В сцене кошмара от черта исходит на Ивана невыносимое уныние – не оттого, что черт говорит тупые и пошлые вещи; он даже тонок и остроумен (Достоевский об этом позаботился), а оттого, что его аргументация намеренно сбивчива и бессвязна, как бессвязна бывает только клевета. Ведь задача клеветы – не логически убедить, а исподволь натравить и деморализовать. И призрачный гость Ивана достигает своей цели: если Иван и доносит на себя, то эта попытка повиниться тут же превращается в презрительное обличение синклита его слушателей. Тем самым вина, признаться в которой он явился на заседание суда, неожиданно переадресуется другим, человечеству вообще.
Когда Иван Федорович, разразившись внезапной истерикой, сменяет роль подсудимого на роль судьи своих судей, мы опознаем под скандалезным налетом этой сцены каноническую позу героя-романтика, уверенного в превосходстве над толпой. И поскольку на его горячечных инвективах («Р-рожи!.. Друг перед другом кривляются. Лгуны! Все желают смерти отца») лежит печать общения с ночным призраком, Достоевский по существу компрометирует здесь романтическое бунтарство, связывая его с духом разоблачительства и хулы. Это отношение к людскому сообществу как к живущей низкими инстинктами массе разделяет великий инквизитор – другое воплощение гордыни и другое отражение Ивана.

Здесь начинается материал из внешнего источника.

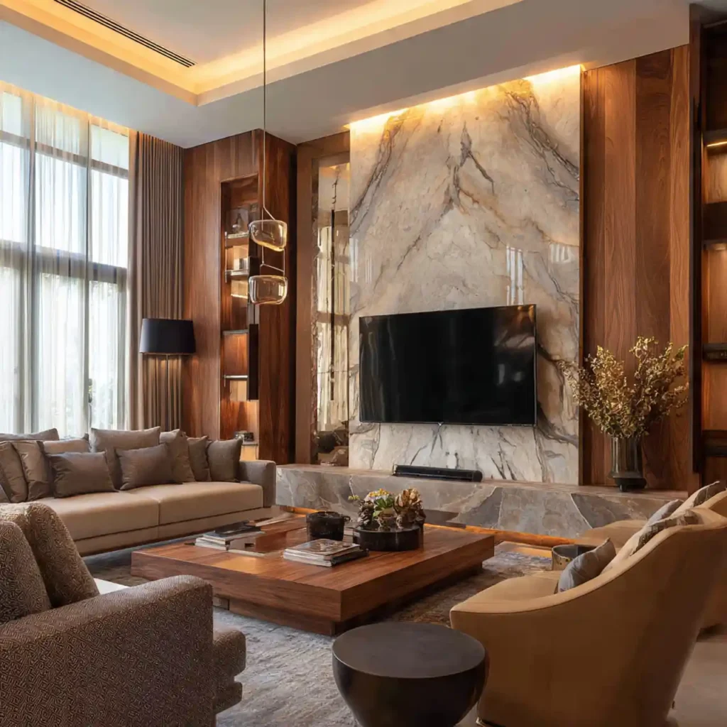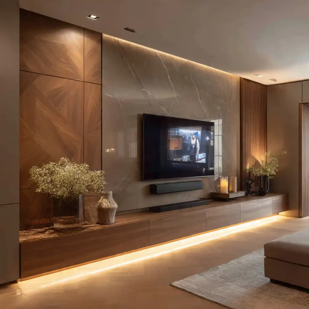 Combining wood and marble creates a luxurious layered effect. The warmth of wood balances the cool elegance of marble. Designers often frame the TV with wood panels. The marble section acts as a dramatic centerpiece. This blend of materials feels both modern and timeless.
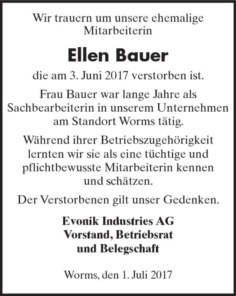 Hier finden Sie alle Traueranzeigen aus der Zeitung, die bisher für Ellen Bauer erschienen sind. Weitere Traueranzeigen, die in der Zeitung erscheinen, werden hier ebenfalls aufgelistet

Великий инквизитор, защищая перед безмолвным своим Собеседником проект социальной гармонии, основанной на порабощении совести, всячески стремится продемонстрировать трезвый взгляд на природу человека – существа хаотичного, стадного и нуждающегося в неотступной опеке – и таким образом подвести к мысли, что им, инквизитором, найден единственный ключ к решению коллективных судеб. В том, что этот казуист вменяет историческому человечеству, есть некая доля правды, как и в вызове Ивана, брошенном толпе любопытствующих: «Не будь отцеубийства, все бы они рассердились и разошлись злые… Зрелищ! “Хлеба и зрелищ!”». Люди и в самом деле таковы в аспекте «массовой психологии», то есть когда они соединены на уровне низших душевных качеств и когда взаимная индукция примитивных страстей заглушает внутренний голос каждого. Но глубинная природа личности этим не исчерпывается, и великий инквизитор втайне знает о неуничтожимости «внутреннего человека». Его пресловутая мудрость – это искусство демагога, которому для успешного овладения людскими множествами сподручно игнорировать все личное, высшее и сокровенное. Что у записного романтика – «мещане», то у демагога – несмышленные «рабы». Оба, разрывая узы братства (один – из гордости, другой – из властолюбия), подходят к человеку с идеологическими шаблонами.
Эти опасные шаблоны (они же – идеи-«трихины» из символического сновидения Раскольникова, несущие с собой безумие и раздор) образуют в художественной реальности Достоевского как бы идейный антимир, противоположный «семенам из миров иных», приобщающим к высшему смыслу существования. То, что возникает в фантазии героя «Преступления и наказания», то, что движет катастрофический сюжет «Бесов», самым неожиданным образом дает о себе знать в развязке «Братьев Карамазовых», в связи с «судебной ошибкой».